Each experiment requires Run Settings. This tells the software what is present in your PCR reaction.
Run Settings is the 2nd tab on the left hand side of the screen and when selected shows the following display. This display is annotated to help cover the available options.
There are 3 main choices that will affect how an experiment runs when not using Advanced Settings (8). These are: dye present (1-3), signal quality (4-6) and the option to turn on optimize Melt Acquisitions (7).
Intercalating Dyes (1)
This should be used if the experiment contains an intercalating dye, for example SYBR Green.
Hydrolysis Probes (2)
This should be used if the experiment contains hydrolysis probes, for example FAM, HEX.
Other Dyes (3)
This should be used if the experiment contains other dyes, for example, Molecular Beacons.
High Quality (4)
This will improve data quality by averaging over an increased amount of data points.
Normal Quality (5)
This will use the default number of data points and should be used if you are unsure.
High Speed (6)
This uses the minimum amount of data points to reduce the time taken for optical acquisitions. This can be used for a high speed reaction.
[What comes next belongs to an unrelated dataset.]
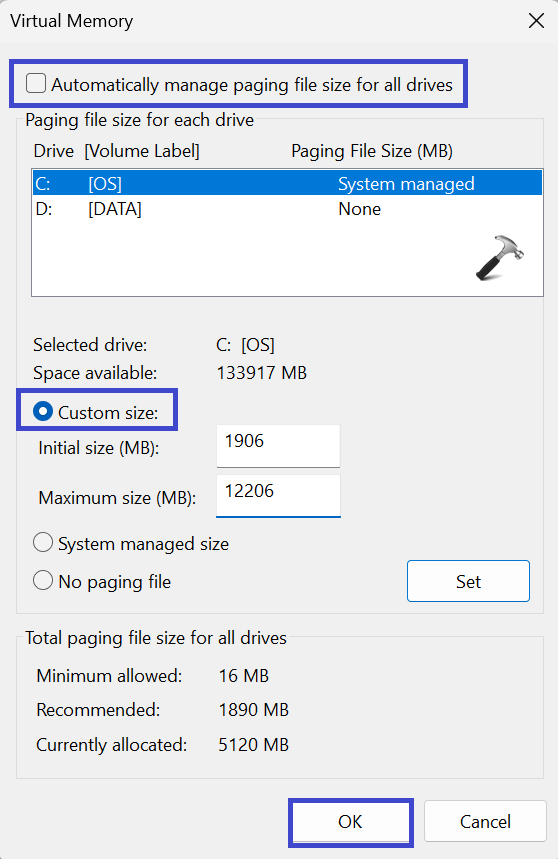 5. Aquí, desmarque "Administrar automáticamente el tamaño del archivo de paginación para todas las unidades" y seleccione "Tamaño personalizado".

Optimize Melt Acquisitions (7)
This option tells the MyGo Pro to find the best settings to use during melting. This can also be used to optimize integration times during cycling. This will be covered in Optimize Integration Times.
Use Advanced Settings (8)
Advanced settings allow the user to specify in detail how optical integrations are performed. This will be covered in more detail in Optimize Integration Times, further on in the manual.
Display Dye Calibration (9)
This shows the dye calibrations that are stored in the current experiment, and which are used to analyse optical data. This setting is not required to run an experiment and will be covered in more detail in Automatic Dye File Generation.
Fused Project Run Settings
When projects are fused together the run settings looks different. Below Experiment 1 and 2 have been fused together.
As you can see we are given an settings summary of the run settings that were used in experiment 1 and 2.